The most dangerous agent failures aren't the ones that throw errors. They're the ones that look fine on dashboards: an agent that confirms an order modification it never executed, another that skips an approval step while dashboards show a 99% success rate. AWS just shipped a set of capabilities on Bedrock AgentCore that turn production traces into a continuous improvement loop, closing the gap between a capable model and an agent that actually delivers in production.

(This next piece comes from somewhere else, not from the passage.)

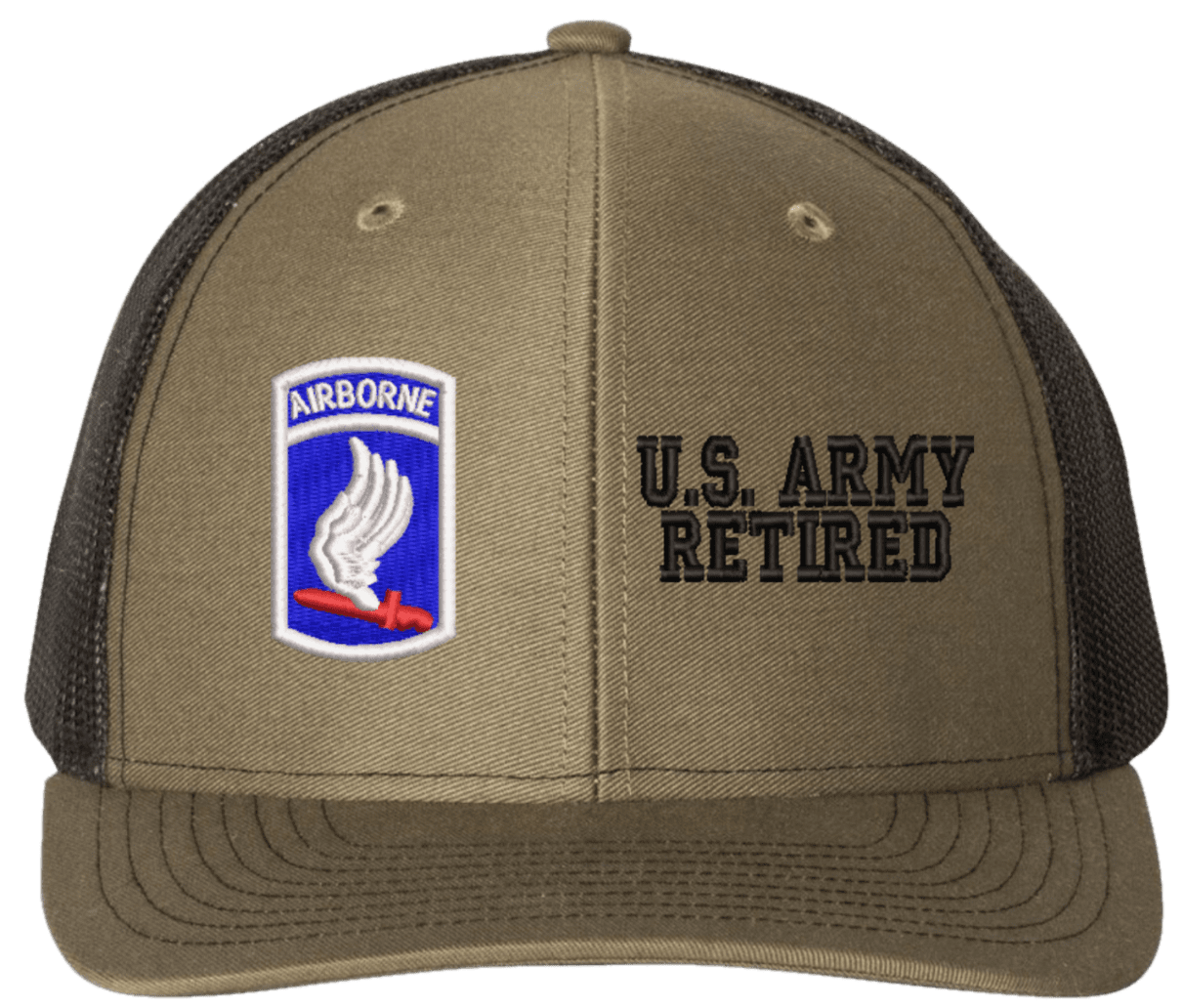 MilitaryBest is proud to offer this Mesh Back 173rd Airborne U.S. Army Retired Split Cap. The 173rd Airborne Brigade Insignia is embroidered onto a 6x panel mid/low profile mesh back cap and is crisp, clean, and sure to be loved by people of all ages! As with all MilitaryBest caps and apparel your satisfaction is guaranteed!Caps ordered with embroidered back text requires an additional 1 to 2 days of production time. All personalized caps will be embroidered in ALL CAPITAL LETTERS. Caps personalized with back text are not returnable unless there is a material defect in the cap.

Three Layers of Knowledge: Organizational, Web, and Paid
Your most valuable information sits in SharePoint, Google Drive, Confluence, and S3. Getting an agent to answer a basic question about your own business has traditionally meant months of building custom ingestion pipelines. Bedrock Managed Knowledge Base, now available on AgentCore, replaces that work with an agentic retriever that plans queries across knowledge bases, connects related concepts across documents, and re-ranks before answering. For complex multi-part queries, agentic retrieval surfaced noticeably broader and more complete coverage than basic RAG. No pipeline to build, no retrieval to tune.
Internal knowledge has gaps. Regulations change, markets shift. Web Search, a new tool on AgentCore, provides information from the live web while keeping queries within your AWS security boundary. It uses Amazon's search infrastructure (the same that powers Alexa+) and combines public web results with Amazon's proprietary knowledge graph for structured entity data and real-time info like stock prices. Your agent can now reason over the live web the same way it queries internal docs, with no extra vendor to onboard.

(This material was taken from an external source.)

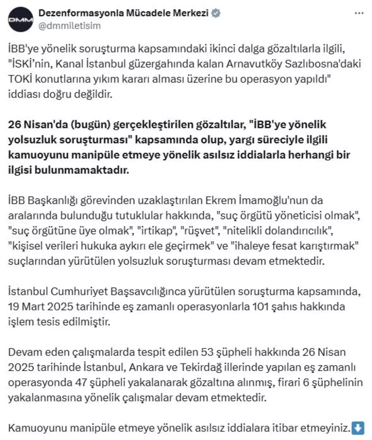 “İBB’ye yönelik soruşturma kapsamındaki ikinci dalga gözaltılarla ilgili, ‘İSKİ’nin (İstanbul Su ve Kanalizasyon İdaresi), Kanal İstanbul güzergahında kalan Arnavutköy Sazlıbosna’daki TOKİ (Toplu Konut İdaresi) konutlarına yıkım kararı alması üzerine bu operasyon yapıldı’ iddiası doğru değildir. 26 Nisan’da gerçekleştirilen gözaltılar, ‘İBB’ye yönelik yolsuzluk soruşturması’ kapsamında olup, yargı süreciyle ilgili kamuoyunu manipüle etmeye yönelik asılsız iddialarla herhangi bir ilgisi bulunmamaktadır. İBB Başkanlığı görevinden uzaklaştırılan Ekrem İmamoğlu’nun da aralarında bulunduğu tutuklular hakkında, ‘Suç örgütü yöneticisi olmak’, ‘Suç örgütüne üye olmak’, ‘İrtikap’, ‘Rüşvet’, ‘Nitelikli dolandırıcılık’, ‘Kişisel verileri hukuka aykırı ele geçirmek’ ve ‘İhaleye fesat karıştırmak’ suçlarından yürütülen yolsuzluk soruşturması devam etmektedir. İstanbul Cumhuriyet Başsavcılığı’nca yürütülen soruşturma kapsamında, 19 Mart 2025 tarihinde eş zamanlı operasyonlarla 101 şahıs hakkında işlem tesis edilmiştir. Devam eden çalışmalarda tespit edilen 53 şüpheli hakkında 26 Nisan 2025 tarihinde İstanbul, Ankara ve Tekirdağ illerinde yapılan eş zamanlı operasyonda 47 şüpheli yakalanarak gözaltına alınmış, firari 6 şüphelinin yakalanmasına yönelik çalışmalar devam etmektedir. Kamuoyunu manipüle etmeye yönelik asılsız iddialara itibar etmeyiniz.”

The best information isn't always free. AgentCore payments (in preview) lets agents discover and pay for services and content within their execution loop. WAF AI traffic monetization (generally available) lets providers control agent access: block, allow, or get paid. Both run on the same platform, so providers using WAF automatically recognize verified agents. Together they build infrastructure for both sides of the agent economy.
Optimization: From Guesswork to Data-Driven Fixes
Silent failures are the norm, not the exception. AgentCore now provides failure insights that discover recurring patterns (including the quiet ones with no error signal), explain root causes, and rank by impact. Intent insights cluster what users are actually trying to do. Trajectory insights show common paths and outliers. You can run these across hundreds of sessions in minutes or enable continuous monitoring.

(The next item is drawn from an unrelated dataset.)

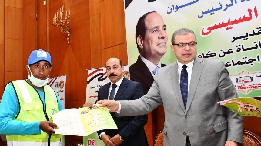هذا وإستمراراً للتعاون المتواصل بين وزارة القوى العاملة ومحافظة أسوان لتنفيذ مبادرة الرئيس عبد الفتاح السيسى ( حياة كريمة ) لرعاية الفئات المختلفة من أبناء المجتمع الأسوانى ولاسيما العمالة غير المنتظمة .
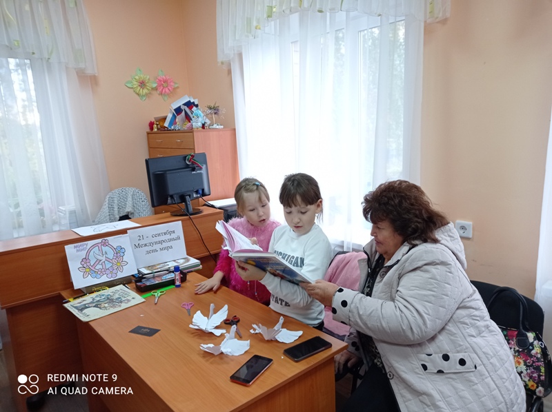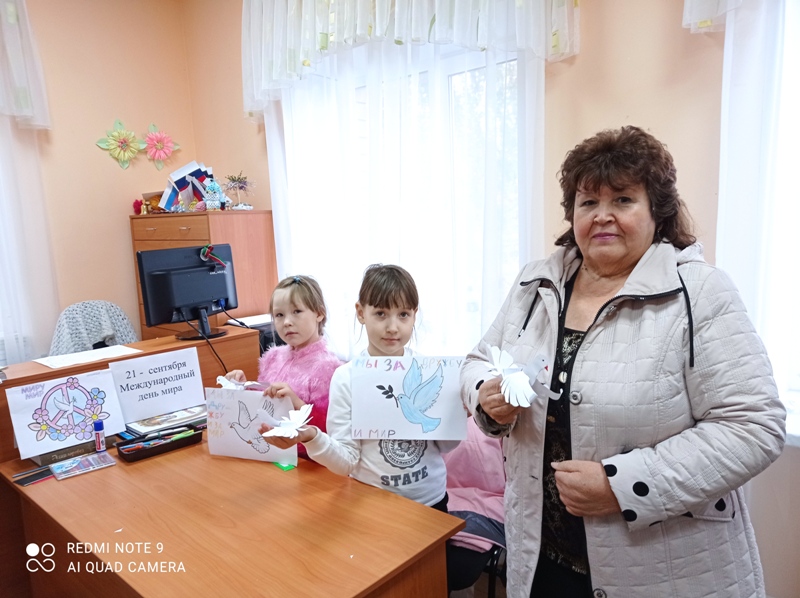Балалар кәгазьдән тынычлык күгәрчене ясау белән беррәттән, тынычлык көненә багышланган рәсем дә буядылар һәм үз теләкләрен җиткерделәр. Р. Валиеваның “Йолдызстан батыры” (“Звездный витязь”), В. Даньконың “Кем дөньяда иң газиз? (“Кто на свете всех родней”) китапларыннан балачак, тынычлыкка багышланган шигырьләрне укыдылар.

Once you know what's wrong, recommendations analyze traces and evaluation outputs to suggest specific prompt or tool description improvements. Batch evaluation catches regressions before production. A/B testing splits live traffic between agent versions to prove a change works under real conditions. This works anywhere your agents run: on AgentCore's runtime, Lambda, EKS, or non-AWS environments. Continuous improvement built into the platform, not stitched on after.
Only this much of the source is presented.